The DEPUTY CHAIRMAN- Order! The only thing we are concerned about is a misrepresentation that may have occurred in the Parliament this morning, not what occurred on a radio session.

Mr BRYANT:
Wills

- Mr Deputy Chairman, I too wish to make a personal explanation.

The DEPUTY CHAIRMAN - Order! Does the honourable member claim to have been misrepresented?

Mr BRYANT:

– Yes. The honourable member for Mallee misrepresented me too. During the course of his oration he said I would raise objections to factories in my electorate being moved out. He might recall that in the debate on the Commonwealth Clothing Factory, which was moved into my electorate, I suggested that it should not be moved there. The last thing we want to do is to crowd more people into my electorate. I can understand them coming there; they want good representation in this place. 1 have never tried to operate in the way the honourable member has suggested.

Mr BERINSON:
Perth

– Forrest Place, Perth, will be known by many members of this place who have spoken at the distinctive lunch hour open air meetings which are held there during every election campaign. Along the entire eastern boundary of Forrest Place is Padbury Building, a structure built on Commonwealth land in 1925 under a 50-year land lease which expires in less than 3 years - on 6th May 1975, to be exact. It was most disturbing to read Press reports in March this year to the effect that Padbury Building was to be demolished and its site redeveloped for the Postmaster-General’s Department. Those reports were subsequently confirmed by the Minister for the Interior (Mr Hunt) on 16th May in reply to my question on notice No. 5605, though I regret to say that a request to the PostmasterGeneral (Sir Alan Hulme) 3 months ago for some detail on the matter has still not produced a substantive reply. Given that delay, I think the least I am entitled to suggest is that whatever use the Postmaster-General envisages for this area can hardly be an urgent one.

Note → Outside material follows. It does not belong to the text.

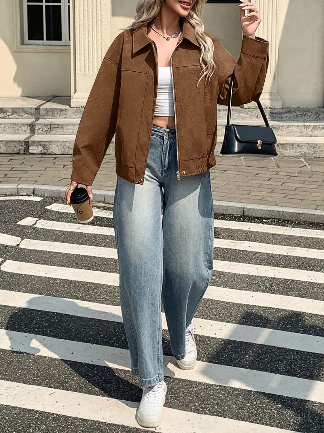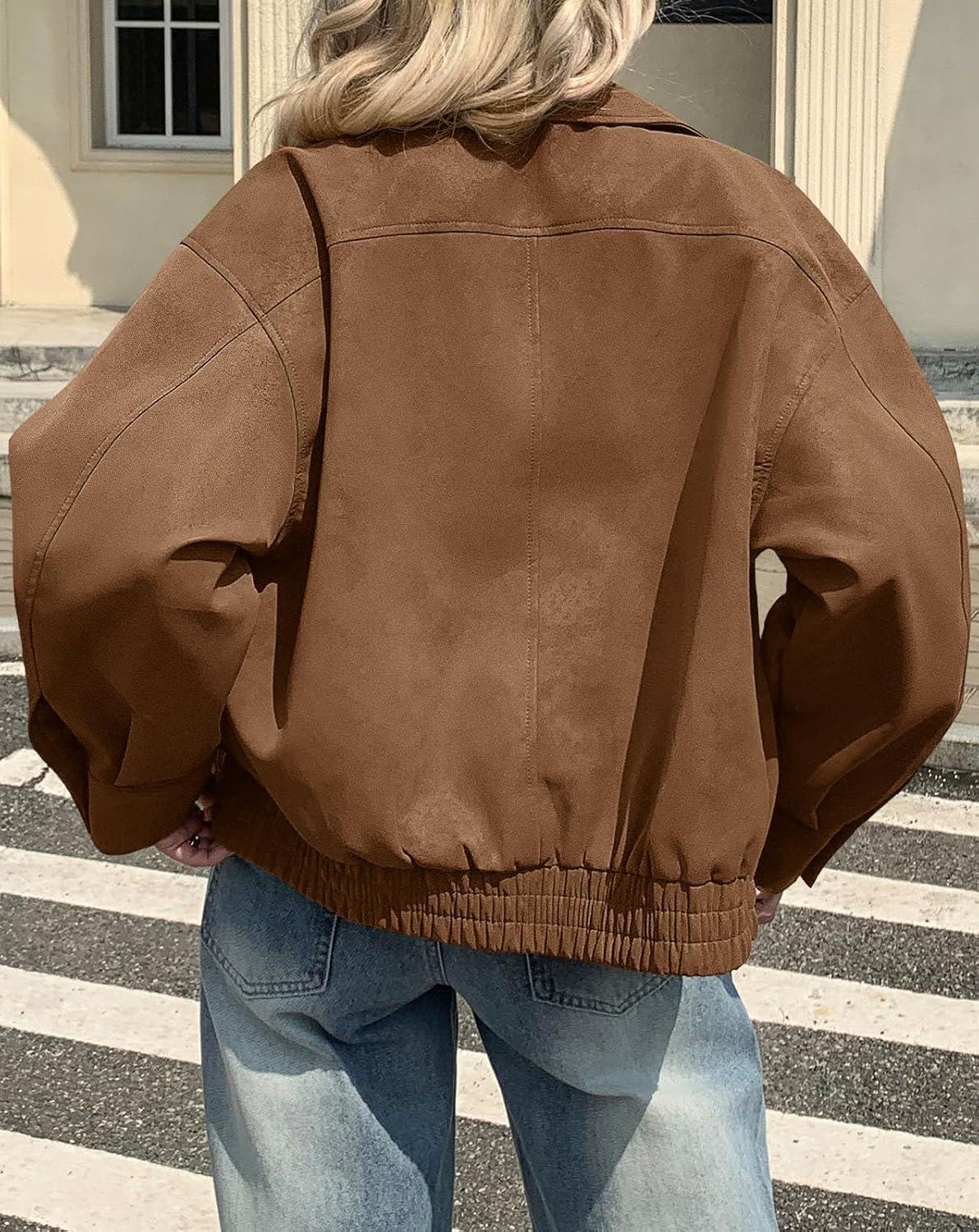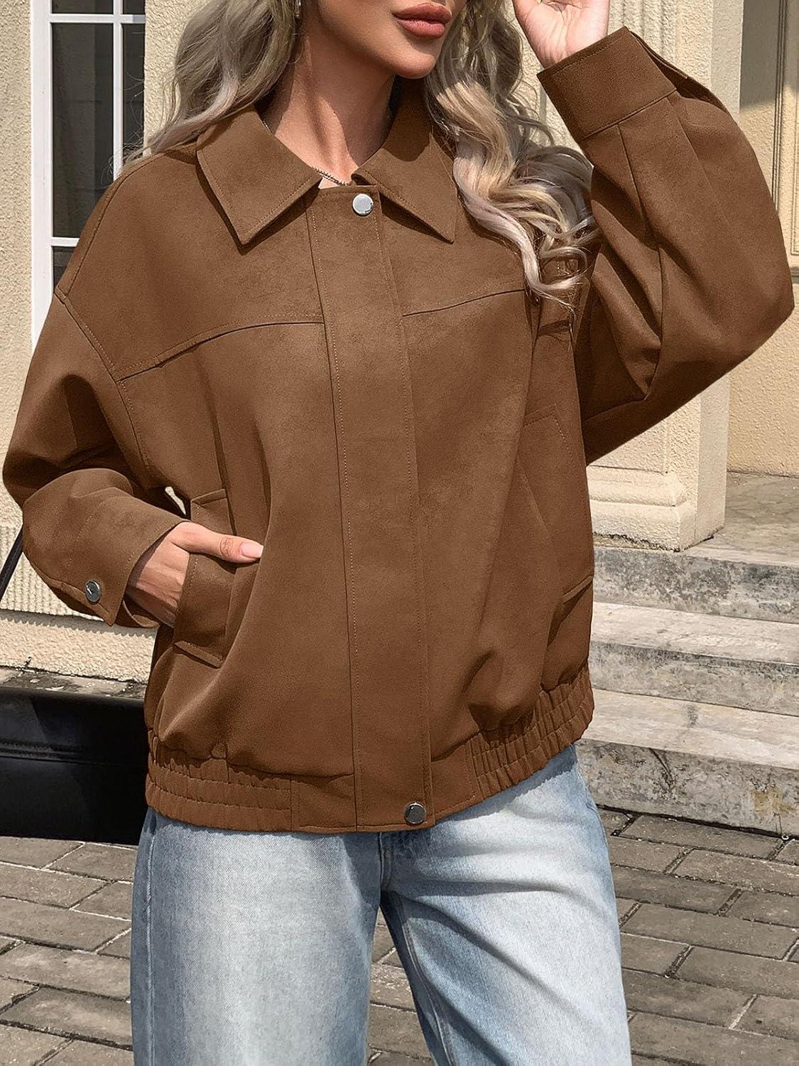 Tankaneo Women’s Faux Suede Motorcycle Jackets Oversized Zip Up Bomber Coats Fall Fashion Winter Outerwear(Coffee)

There is no doubt that Padbury Building should be demolished. It is old, undistinguished architecturally, and both uneconomic and inappropriate for the central site it occupies. The question, therefore is not whether the building should go but what should replace it. I urge on the Parliament the view that it should be replaced by nothing in a structural sense, that is, that it should be made available for public open space. As the Minister is aware, there is a long standing proposal to sink Perth railway station, which constitutes the northern boundary of Forrest Place, and to devote most of the land released by that project to a reserve for parks and gardens. After years of delay by previous governments, the present Western Australian Government is now proceeding with plans for that railway sinking and has sought the assistance of the Commonwealth to finance the project. In the overall plan of the area, however, it has always been envisaged that Padbury Building would be demolished and its land incorporated into Forrest Place to provide a plaza and assembly place for public purposes. This, in turn would blend with and create an outstanding frontage to the cultural centre which is also being developed in this area, but cut off from the city for the time being by the railway.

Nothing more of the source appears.